Now re-implement AnimalLegCount function:
function AnimalLegCount(a: Array<Animal>) {
for(let i = 0; i <= a.length; i++) {
log(a[i].LegCount());
}
}
AnimalLegCount(animals);AnimalLegCount functions are now less concerned about the type of Animal pass, it just calls LegCount method. All it knows is passed in argument must be of type Animal, Animal either type or a subclass.
Animal Type now need to achieve / LegCount define a method:
class Animal {
//...
LegCount();
}Its subclasses also need to implement LegCount method:
class Lion extends Animal{
//...
LegCount() {
//...
}
}When it is passed to AnimalLegCount function, he returns the number of legs of a lion.
Visible AnimalLegCount function does not need to know the specific type Animal, and just call LegCount method Animal class, because according to the agreed subclass of the Animal class must implement LegCount function.

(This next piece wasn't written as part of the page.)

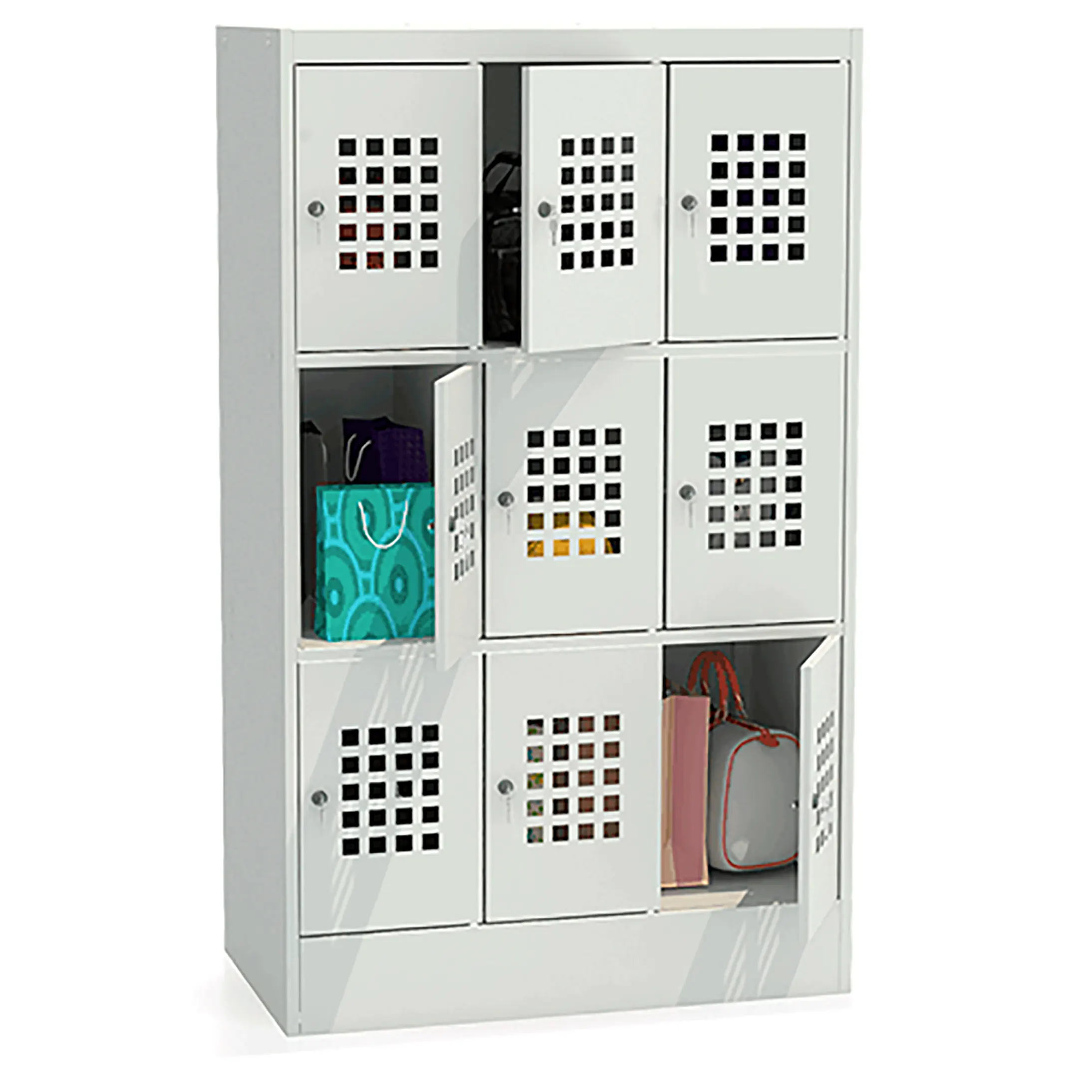 - Компактность при высокой вместимости — шкаф занимает минимальную площадь и при этом предоставляет девять полноценных ячеек для хранения.

The principle of separation Interface Interface Segregation Principle
Make fine grained interfaces that are client specific
production of fine-grained interfaces for specific clients
Clients should not be forced to depend upon interfacees that they do not use
the client interfaces should not be forced to use since they do not
This principle drawbacks when used to treat large-scale implementation of the interface. View of the following interfaces IShape:
interface Ishape {
drawCircle();
drawSquare();
drawRectangle();
}This interface can be drawn round, square, rectangular. When Circle class, Square-based, Rectangel IShape class implements the interface must be defined drawCircle (), drawSqure (), drawRectangle () method.
class Circle implements Ishape {
drawCircle(){
//...
}
drawSquare(){
//...
}
drawRectangle(){
//...
}
}
class Square implements Ishape {
drawCircle() {
//...
}
drawSquare(){
//...
}
drawRectangle(){
//...
}
}
class Rectangel implements Ishape {
drawCircle() {
//...
}
drawSquare(){
//...
}
drawRectangle(){
//...
}
}The above code looks strange. Rectangle drugs do not have access to achieve its drawCircle (), drawSquare () method, Square Circle class, and class also empathy.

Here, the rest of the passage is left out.